Bug 492124

Summary: EC enabled build of NSS by default
Product: [Community] Dogtag Certificate System Reporter: David Stutzman <david.konrad.stutzman>
Component: NSSAssignee: Christina Fu <cfu>
Status: CLOSED WONTFIX QA Contact: Chandrasekar Kannan <ckannan>
Severity: low Docs Contact:
Priority: high    
Version: 1.0CC: ahughes, ankostis, aph, benl, mharmsen, rrelyea
Target Milestone: ---   
Target Release: ---   
Hardware: All   
OS: Linux   
Whiteboard:
Fixed In Version: Doc Type: Bug Fix
Doc Text:
Story Points: ---
Clone Of: Environment:
Last Closed: 2011-11-15 18:48:38 EST Type: ---
Regression: --- Mount Type: ---
Documentation: --- CRM:
Verified Versions: Category: ---
oVirt Team: --- RHEL 7.3 requirements from Atomic Host:
Cloudforms Team: ---

Description David Stutzman 2009-03-25 09:48:58 EDT
Filed at blord's request:

It would be nice to make the NSS that is required by Dogtag one that is built according to the ECC directions (http://pki.fedoraproject.org/wiki/ECC_Capable_NSS), or have 2 different packages that could satisfy the NSS dependency.  Apparently building NSS in the manner described will leave the RSA/DSA functionality working the same so why not have everyone use the same build?  Dogtag out of the box has EC referenced all through the GUI, config files, etc and it's quite misleading to the user.  Additionally, if you hand-build NSS and then update the system and an NSS update comes down, it will overwrite your EC-enabled NSS.  Hilarity^H^H^H^H^H^H^H^HSobbing ensues.
Comment 1 Kostis Anagnostopoulos 2009-08-03 04:39:52 EDT
This bug prevents the 'keytool' of both sun's java and IcedTea from importing Comodo's CA ECC certificate.
Comment 2 Andrew John Hughes 2009-09-04 10:17:48 EDT
It's on this list:

http://fedoraproject.org/wiki/User:Peter/Disabled_applications

so I guess this may be an issue for fedora-legal to resolve.
Comment 3 David Stutzman 2009-09-08 06:33:37 EDT
I suppose I could have been a little more detailed with the original request.  The directions linked to on the Dogtag wiki tell the reader how to build an EC "aware" NSS.  Sun's current JDK 6 knows about EC and has algorithm names and interfaces defined to work with it, but no implementation (which is reportedly about to change with Java 7).  If you want to use EC you'll need to add in a 3rd party crypto provider such as BouncyCastle or IAIK.  Following the link above you'll end up with an NSS the same way.  The softtoken gets excluded from the EC build so there isn't any actual EC implementation compiled in, but the rest of the toolkit knows how to deal with EC and you can plug in a 3rd party PKCS#11 module that implements the EC algorithms.  Yeah, it would be nice to one day be able to use NSS's built-in token to do the EC (maybe use the same implementation that Sun is using for Java 7?) but in the mean time, I think the above would go a long way to lowering the EC barrier of entry as well as ongoing maintenance of Dogtag.
Comment 4 Andrew John Hughes 2009-09-08 12:54:50 EDT
I've already gone into most of the general OpenJDK issues here:

http://icedtea.classpath.org/bugzilla/show_bug.cgi?id=356

and there's a patch currently posted for review on the IcedTea mailing list.  When applied, IcedTea can be configured with the additional option --enable-nss.  configure then searches for a system NSS, and, if found, will add the necessary configuration to the JDK being built so that EC works out of the box.  This assumes that the system NSS has EC support which is not currently the case for Fedora and hence this bug.  However, if OpenJDK is built with this support enabled, then EC support will work if the system NSS is later replaced with one that includes it.

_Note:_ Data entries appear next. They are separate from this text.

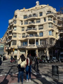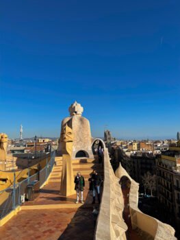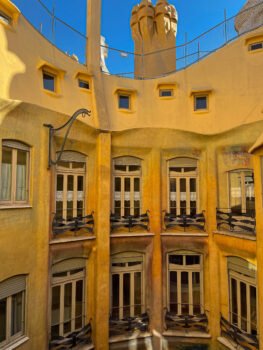 Aquí también llegué caminando desde donde estaba alojada y compré la entrada en el lugar, 25 euros. Pero también puedes contratar alguna excursión con el recorrido por las obras de Gaudí, acá podés verlas. El recorrido por el edificio no lleva más de una hora, dependiendo de cuánto te quedes en cada lugar, y recomiendo hacerla, además de la Sagrada Familia, ya que tendrás una visión más amplia de la obra de Gaudí, viendo un edificio de viviendas y uno religioso, con temáticas totalmente diferentes pero siempre con el espíritu y los conocimientos de él. Esta obra en particular le trajo muchos problemas, tanto legales como financieros, y fue objeto de numerosas burlas y sátiras de la época, en el lenguaje actual diríamos que hubo varios memes al respecto. Así que te dejo la inquietud si visitas Barcelona, para que no creas que aquí solo hay playas y fiestas.
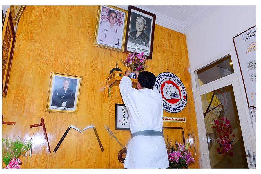 Sau khi ổn định vị trí, Võ sư Phan Gia Uẩn – Phó Chủ tịch Hội, dâng nén hương trên bàn thờ tổ, toàn thể môn sinh thực hiện nghi lễ chào tổ sư, cố chưởng môn, các vị tiền bối… Tiếp đó, các môn sinh hướng về màn hình máy tính chào Thầy Nguyễn Tấn Kiệt – Chủ tịch Hội Karatedo Khánh Hòa, vị ân sư khả kính của rất nhiều thế hệ học trò Karatedo Khánh Hòa. Thật là hoan hỉ, khi trong giờ phút này – qua trực tuyến – dù rất nhiều công việc bận rộn nơi xứ người, Thầy vẫn dành thời gian dự Lễ Bái tổ với các học trò của mình. Trong không khí trang nghiêm, an lành của buổi sáng đầu xuân, của hương trầm thoang thoảng, lắng nghe lời chúc Tết của Thầy, lời nhắn nhủ của Thầy về việc tu thân, hành nghiệp trong lòng các Karateka Khánh Hòa, ai cũng đều dâng tràn cảm xúc khó tả, tự nhủ sẽ cùng Thầy đi hết con đường của sự nghiệp Karatedo Khánh Hòa. Môn sinh Lê Văn Hồng - một trong những học trò đầu tiên được Thầy truyền dạy Karatedo tại trường Nguyễn Văn Trỗi, Nha Trang – thay mặt đại chúng chúc Tết Thầy và gia quyến.
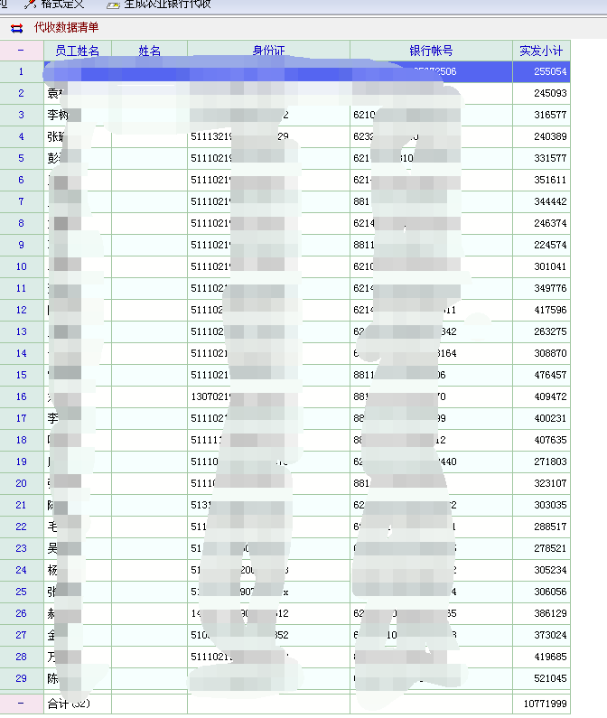 生成代收文件时,实发数小数点,变相*100,与原表单中数据不匹配
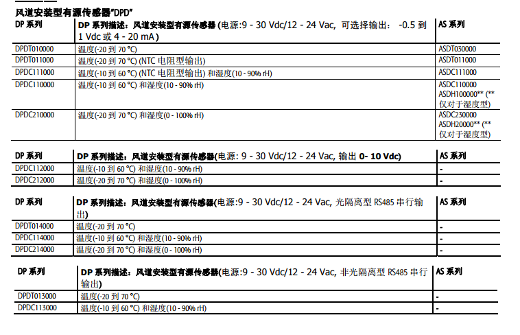 | 卡樂風道安裝式DPD系列溫濕度傳感器 |

The OpenJDK7 changes have gone in and, to my disappointment, are a regression.  Although they originally planned to implement EC (which has its own issues), this direction was abandoned due to legal issues.  What we have in 7 is basically NSS... in the source tree.  I'm sure I don't have to point out to distro packagers the downsides of having a duplicate library inside an application and the consequent effects on security maintenance for it.  They already do this with libjpeg, libpng and zlib and we rip this out in IcedTea, using the system libraries instead (it's also the case for lcms, but due to local modifications we can't use the system copy).  It looks like we'll also have to do this for NSS now, especially if there are legal issues with shipping it in Fedora.  So, yeah, all they've done is create more work for us.  Enabling NSS support in OpenJDK6 is fairly trivial by comparison, it's only a problem for Sun because they can't depend on system libraries with their stock proprietary builds.